Ok so I’ve mentioned it before, but over a year ago I switched methods of understanding the world. Previously I had thought I could be anybody, and I was excited by this prospect, I created multiple identities, fled through socialist hippies to church types to mild homosexuals, but I stopped doing this because implicit in the assumption that I could be anyone, was the idea that we’re all the same. This put my identity tool kit in limbo. But was this tool kit any good? Did it create warped pysches full of neurosis and pyschosis, problems from with in? I thought I was a pretty good internal thinker, although I made bad assumptions about the rest world, the automatic oh everyone understands what I meant. Now I find myself trying to arrange my ego to please these new found pleasures of the ID. Did I know 1 year ago that cat calling turned me on? Free drinks a slight inticement?
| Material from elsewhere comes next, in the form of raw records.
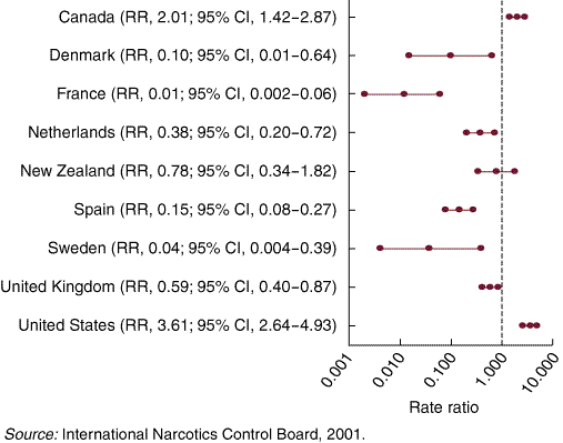 1: Rate ratios (RR) of total licit psychostimulant consumption in Australia (1.0) compared with nine other countries for 1994–2000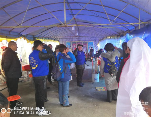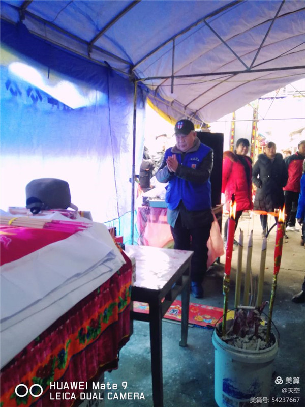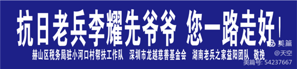 我们在铁棚灵堂门前挂好横幅挽联,为李爷爷遗体进行告别,由天空主持,在李爷爷遗像前默哀、三鞠躬、敬军礼、跪拜,绕灵柩一周,做最后的送别。2015年李爷爷光荣的获得了中共中央、国务院、中央军委颁发的抗日战争胜利70周年纪念章和一次性补助5000元。老兵的生日、三大传统节日都有志愿者和爱心单位上门慰问。使李爷爷的心灵受到了极大的精神安慰!李爷爷生于乱世,是一位历经沧桑的世纪老人,青年时期,正逢日本军国主义发动侵华战争,残暴的日军烧杀抢掠,无恶不作,有血性的中国人民坚决抗击日本的侵略。李爷爷为中国的抗日战争做出了不可磨灭的贡献。我们在这里悼念李爷爷,是想让更多的人了解李爷爷年青时为国家和民族所做出的贡献,值得我们晚辈尊敬!他是抗日的英雄,是民族的战神,是我们心中的丰碑!老兵不死,只是慢慢凋零!送达白鹿寺慈善基金会、深圳市龙越慈善基金会、湖南老兵之家、赫山税务局驻小河口村帮扶队曾科、益阳团队赠送的帛金、花圈、挽联、礼包。李爷爷去天堂路上您一路走好!谢谢曾科提供爱心免费车、蔡师付提供爱心车往返 ! 谢谢一线志愿者的热情参与!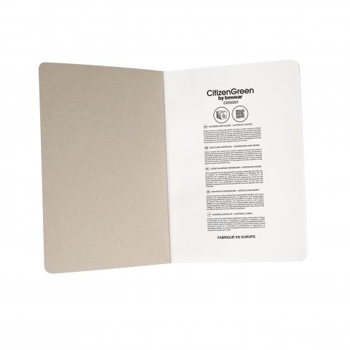 Carnet A5 avec couverture souple en papier et cuir 250gr (provenant des déchets de fabrication), 80 feuilles en papier blanc lignées recto. Papier 100% issu des forêts gérées durablement, coins arrondis et dos carré collé avec bande de papier.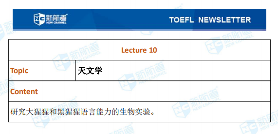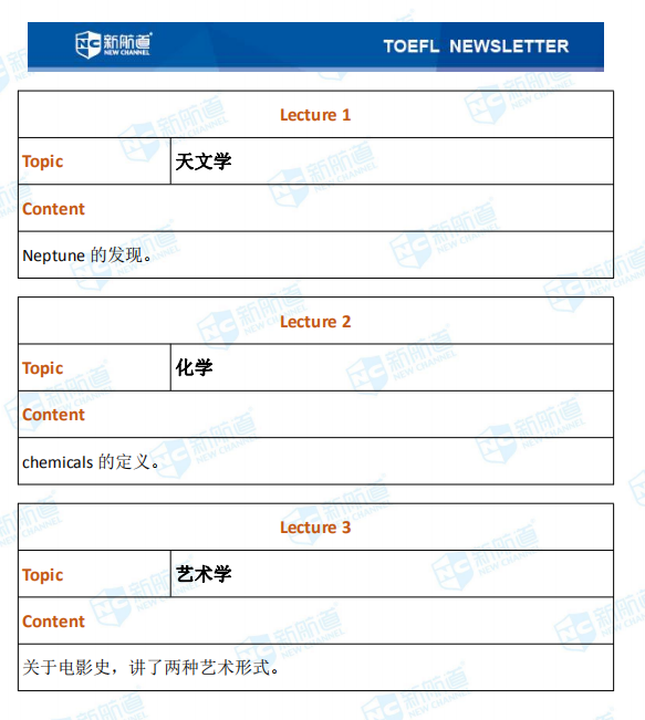 听力考试的lecture部分考了化学、天文学和艺术学等方面的内容。
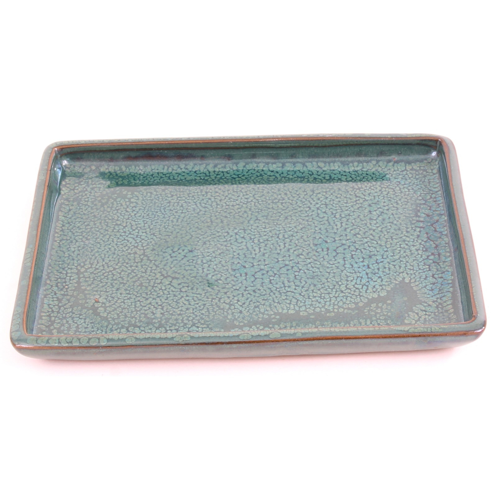 Eckiger Bonsai-Untersetzer, grün glasiert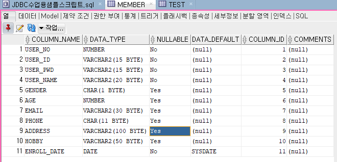1. oracle 의 MEMBER 테이블을 참조하여 이클립스 Model.vo 패키지에 Member 클래스 생성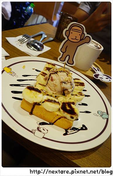 「猴哥的巧克力香蕉吐司佐香草冰淇淋」屬於較甜的味道,因為我們點了一甜一鹹剛好可以中和一下。香蕉味很重,冰淇淋加上吐司也很好吃。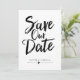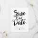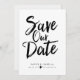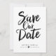 This design features the words "save the date" in bold black handwritten script. Couple's names and wedding details are displayed below and can be customised.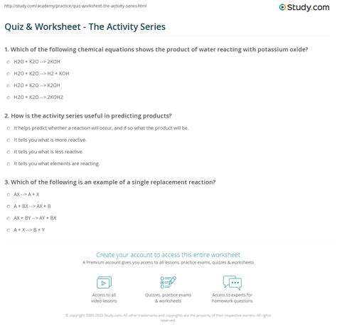 Web activity series interactive and downloadable worksheets. Web practice this quiz or assign it to students. Find millions of free quizzes, pdf worksheets and tests on activity series and other topics.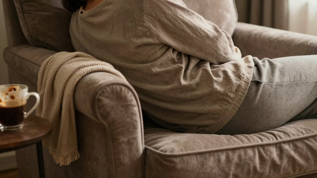 Sedentary risks are another major concern tied to seemingly comfortable seating. If you find yourself spending hours in the same position, whether working at a desk or lounging on the couch, you’re exposing yourself to the dangers of prolonged inactivity. Sitting for extended periods weakens your core muscles and reduces spinal support, making your back more prone to pain and injury. Even if your chair feels supportive initially, remaining seated for too long without breaks can lead to muscle tightness and poor circulation, which only worsens discomfort. Comfort doesn’t necessarily mean movement, and staying sedentary increases the risk of developing back problems over time. Recognizing sedentary risks and taking steps to stay active can significantly improve your back health. Incorporating proper ergonomics into your daily routine can also help mitigate these risks. Additionally, maintaining good posture throughout the day is essential to prevent long-term issues. Being aware of the importance of active sitting can further help you avoid these pitfalls.

I am more comfortable with my desire for pleasure, my id is slowing things down, my once hectic frenzy now dwindling down to acceptance and wanting. Two problems though, was my original identity tool kit any good? Most accounts of how identity is formulated differ form the wear and tear method of old, I am no longer a lock picker tumbler through emotion till bamn person X becomes understandable, performatitivty has taught me a little about my self, I see where my identity is coming from in better terms, but imaginations of my desires aren’t the solution to the ID’s problems, it needs real concrete solutions, genuine body parts to flex, fuckers to fuck me, etc. I now find the identity tumblers running again, only this time a little more energized, because it’s a big world out there full of people to occupy.